The reason for imputing the prevalence of an escalating crime rate in society which suffers from the problem of homelessness is commonly referred to as the ‘Broken Window Thesis’.[15] According to this thesis, there are two reasons which justify criminalising homelessness as a separate and distinct offence. The first reason is that homelessness and vagrancy are a precursor to the occurrence of more serious crimes, and a society which lets such conduct remain unregulated is prone to suffer adverse consequences such as an increase in instances of serious criminal activity like murder, robberies, rape etc.[16] The second is rooted in the perception of the homeless as a threat to social consonance and peace by being a source of intimidation and nuisance.[17]

The first limb of the Broken Windows thesis is, however, founded on unsubstantiated grounds. The link between disorder in society, stemming from various social factors, and increasing crime rates does not find any backing in empirical evidence.[18] Laws criminalising homelessness thus fail to address the root of the predicament, as social conditions which drive the homeless to commit petty crimes for their survival are not cured by incarcerating the victims of the situation. All it does is provide a temporary solution, which only applies a band-aid on the broken window, where the State’s approach seems to adhere to an ‘out of sight, out of mind’[19] justification for the problem.

Moreover, the Broken Windows thesis goes one step further, and seeks to draw a relation between the likelihood of serious criminal activity in a particular neighbourhood and the prevalence of homelessness in that area.[20] Such a correlation works on the assumption that leaving problems such as homelessness or rough sleeping on the streets unaddressed only increases the propensity of serious criminal activity, like murder and robberies, in these areas.[21]However, not only is such a correlation bereft of any foundation on empirical evidence, it also makes the mistaken correlation between the effects of increased law enforcement in such areas to curbing homelessness and disorder.[22] The reduction in crime will invariably follow from higher scrutiny and vigilance from the law enforcement, independently of factors such as the locality in question, impoverished, homeless and underprivileged residents in such areas and so on.

The second limb argues that the presence of the homeless causes public annoyance and intimidates members of the civil society.
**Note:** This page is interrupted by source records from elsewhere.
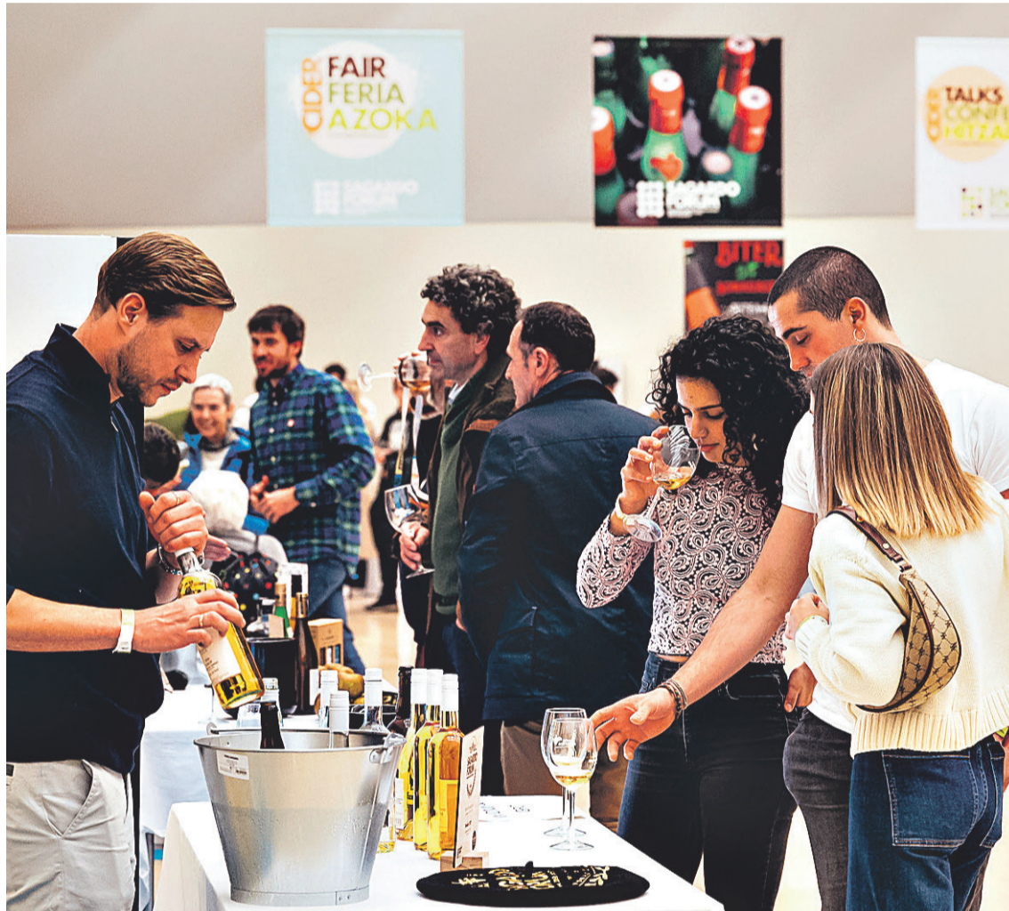
AZOKA. Hainbat lagun, sagardo mota batzuk dastatzen, V. Sagardo Forumean antolatutako Nazioarteko Sagardo Azokan. SAGARDOAREN LURRALDEA

Halaber, arrakasta handia izan zuten V. Sagardo Forumean izan ziren jarduerak ere. Horietako bat, Donostiako Tabakalera-
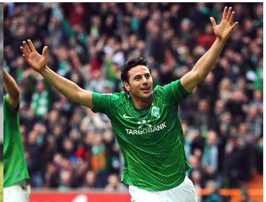
André Carrillo estaría a punto de abandonar Lisboa (Portugal) y Caludio Pizarro sigue cosechando elogios en Alemania, uno de sus goles en Werder Bremen fue considerado como el mejor de la Bundesliga.

gracias a su buen desempeño desde que arribó al Eintracht Frankfurt de Alemania.
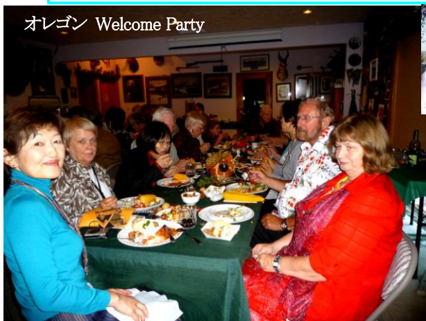
オレゴン Welcome Party
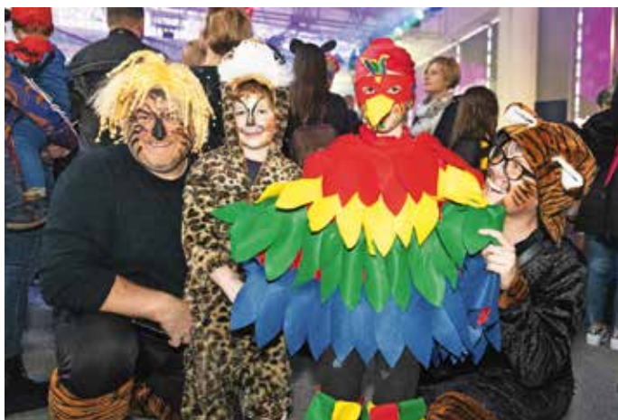
Džungla iz Vaš na pustovanju v Medvodah
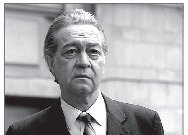
В фильме «Грех. История страсти»
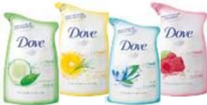
go fresh シリーズ：つめかえ用(4種) 内容量 400ml 価格 オープン価格

環境のことを考えて2個目からは「つめかえ用」を購入する方が多くなっています。新しいDove「go fresh」シリーズでは「つめかえ用」のパウチ層の構成を変更し、使用するプラチック量を従来品よりも11%削減。さらに環境にやさしい仕様に改良しています。
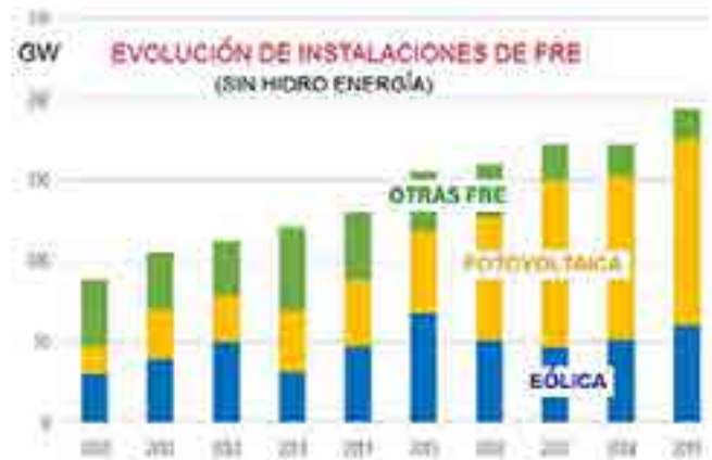
Fig. 1. Evolución de instalaciones de FRE (sin hidroenergía).

La hidroenergía ha sido y es la FRE con más generación de energía eléctrica, seguida por la eólica, mientras que la FV se ha continuado incrementando, tal como se muestra en la Fig. 1 de instalaciones anuales en términos de potencia:
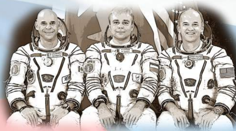
Экипаж корабля «Союз ТМА-16». Сураев М.В. в центре.

С 2010 года - Почётный гражданин Ногинского муниципального района Московской области. В 2011 году Ногинской школе № 5 было присвоено имя космонавта Максима Сураева. В Московской области проводится турнир по регби на призы Героя России лётчика-космонавта Максима Сураева. В Челябинске проводится турнир по бадминтону на призы Героя России лётчика-космонавта Максима Сураева.
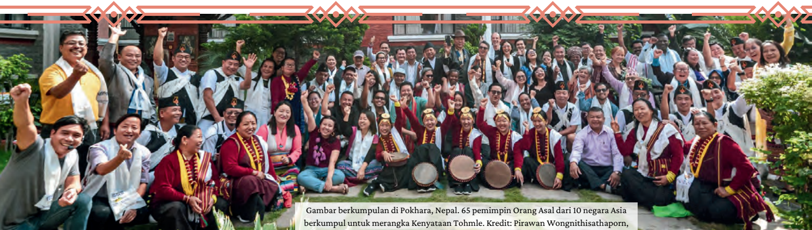
Gambar berkumpulan di Pokhara, Nepal. 65 pemimpin Orang Asal dari 10 negara Asia berkumpul untuk merangka Kenyataan Tohmle.

Daytoy nga pablaak ket napadur-as iti maika-uppat (4th) a kumperensya ti nainsigudan a kaammuan ken tattao iti Asya wenno ti Indigenous Knowledge and Peoples of Asia (IKPA). Ti kumperensya iti Nainsigudan a karbengan ti tattao, ti biodibersidad ken ti panagbalbaliw ti klima a naisayangkat manipud iti umuna nga aldaw ti Oktubre inggana maika-uppat(4th) nga aldaw idia Pokhara, Nepal.
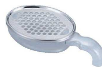
⑳スピードオロシ器 すべらん
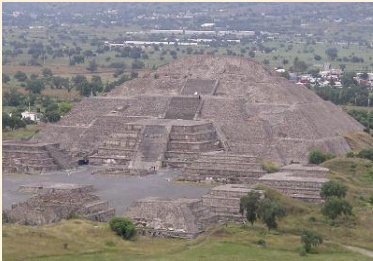
Пирамида Луны, Теотиуакан
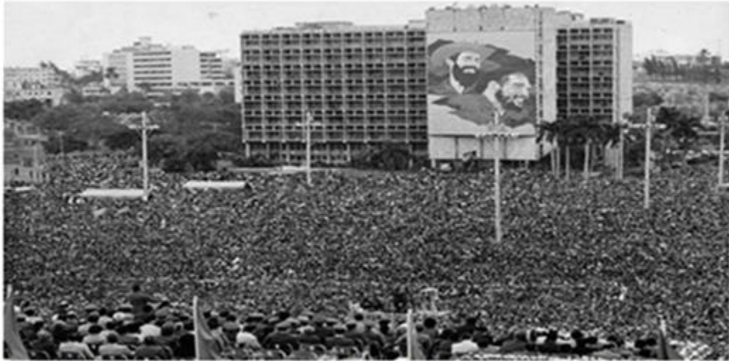
Fidel Castro Ruz en el acto en la Plaza de la Revolución por el 1er. Congreso del Partido. Diciembre de 1975.

y trabajador. Todos conocemos su extraordinaria capacidad de dirigente y admiramos con profundo cariño sus numerosas virtudes, entre las que se destacan su honestidad, y sinceridad revolucionarias, su modestia y su excepcional sensibilidad humana...” (4)
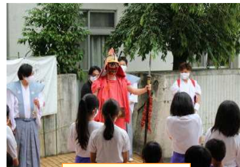
令和絆補會による慰問
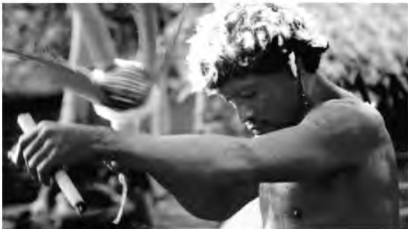
(Eduardo Viveiros de Castro, O pajé Kañi-paye com o aray [chocalho] e o charuto (1982))

As tradições religiosas indígenas são diferentes entre si, mantendo, como um dos traços comuns, a presença do pajé e dos rituais de pajelança.
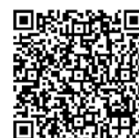
サイクリングマップ QRコード
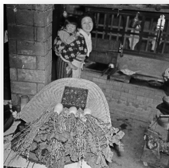
秋亥の子の供え物 三木市吉川町 (1955年)
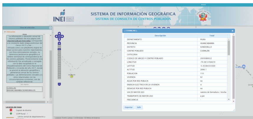
Imagen N° 01: Consulta de Ubigeo de centro poblado en data del INEI

Se deberá colocar el ubigeo de cada centro poblado del proyecto, según se muestra en la data del INEI. Para esto, se podrá acceder al sitio web: http://sige.inei.gob.pe/test/atlas/ .
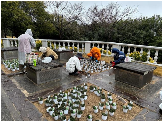
花と緑のまちづくりセンターによるワークショップ

花と緑のまちづくりセンターによるワークショップなどの普及啓発や緑のパトロール隊による活動等を継続して実施しているが、財源（緑化基金）の安定・継続した確保が課題。森林ボランティア講座により、847人(R6)の森林ボランティアリーダーがいるが、若手リーダーが不足している。
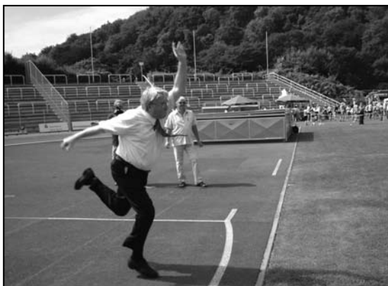
Akrobatische Übungen beim Gummistiefel-Werfen

Ganz neu ist diese skurrile Sportart nicht für Gera, denn schon zur Bundesgartenschau (BUGA) 2007 wurden hier die ersten Wettkämpfe durchgeführt und fanden ein interessiertes Publikum.
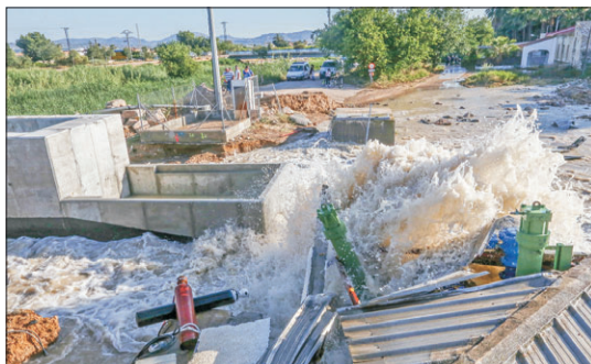
Rotura en el canal del trasvase.

No es la primera vez que se produce una rotura en los tubos del trasvase. De hecho las fugas de agua, en alguno de los tramos como el que ayer vertió miles de litros, suelen ser más o menos constantes. El agua se pierde por algunas de las juntas y los regantes acusan al gobierno central del escaso mantenimiento que tiene esta infraestructura vital para el riego de la huerta alicantina y murciana. El trasvase también abastece a la provincia de Almería. En total son entre 40.000 y 50.000 las hectáreas que riega el agua proveniente del río Tajo en todo el Levante español.
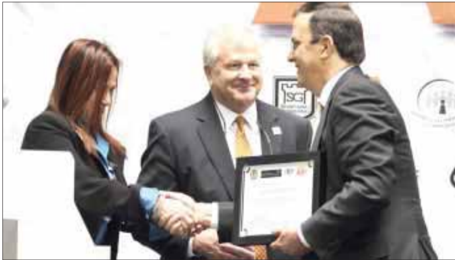
El jefe de gobierno del DF encabezó la presentación de la red social "Alerta Amber", para localizar a menores de edad.

“No sólo es conectar teléfonos y redes de comunicación, sino es organizar el trabajo para efectivamente lograr nuestro objetivo, que es en ese breve lapso poder reaccionar todas las instancias de gobierno y sociedad para ubicar a los menores que nos reportan, ese es el reto, la meta a seguir”. Al encabezar la presentación en el Patio Virreinal del Antiguo Palacio del Ayuntamiento, Ebrard Casaubon exhortó a la ciudadanía a reportar de manera inmediata la desaparición del menor para poder reaccionar en tiempo y
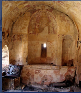
Храм Богородицы Левишской в Призрене после погрома, март 2004 г.
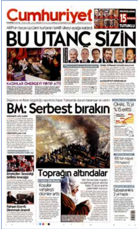
Resim 133, Cumhuriyet, 19 Kasım 2016

18 Kasım'da Siirt'in Şirvan ilçesine bağlı Maden köyünde bulunan Ciner Grubu'na ait bakır madeninde heyelan meydana geldi. AFAD madende çalışan 16 işçinin göçük altında kaldığını açıkladı. Acı olayda son belirlemelere göre beş işçi hayatını kaybetti, 11 işçinin ise cesedine henüz ulaşamadı. Arama kurtarma çalışmaları devam ederken Ciner Grubu'na bağlı Haber Türk gazetesi meydana gelen kazayı Ciner Holding'in adını vermeden birinci sayfasına iki cümleyle taşıdı.
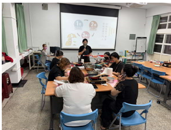
『新』光烘焙趣 活動計畫(第 3 場)～ 生命教育宣導
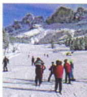
Le piste da sci per bambini
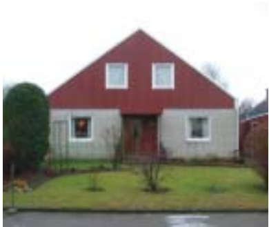
Spettet 15 (1970)

This, in turn, justifies the action of the State to criminalise them for general public order.[23] This argument is problematic for two fundamental reasons: first, it targets a section of society for their social condition and status. Laws criminalising rough sleeping, public encampments and the like thus seek to criminalise conduct which is peculiar to a particular social group or community.[24] In this case, it is the homeless and the economically deprived who resort to such measures and are sought to be punished for the same by the State.[25] Second, the justification itself is based on a speculative standard that there is indeed intimidation, fear or annoyance amongst the members of civil society towards the homeless. On the contrary, there is evidence to suggest that the attitude towards the homeless is one characterised by sympathy and helplessness for their condition, which would clearly defeat the basis on which the public intimidation reasoning was based.[26]

Through laws which penalise homelessness, the homeless are scapegoated by the State. It uses them to shirk its responsibilities of providing adequate housing facilities, ensuring equal opportunity, and building shelters for the homeless. The State is thus praised in the political sphere by portraying such laws as a cure for the ills that exist in the society, while condemning the homeless to irreparable stigma and destitution.[27]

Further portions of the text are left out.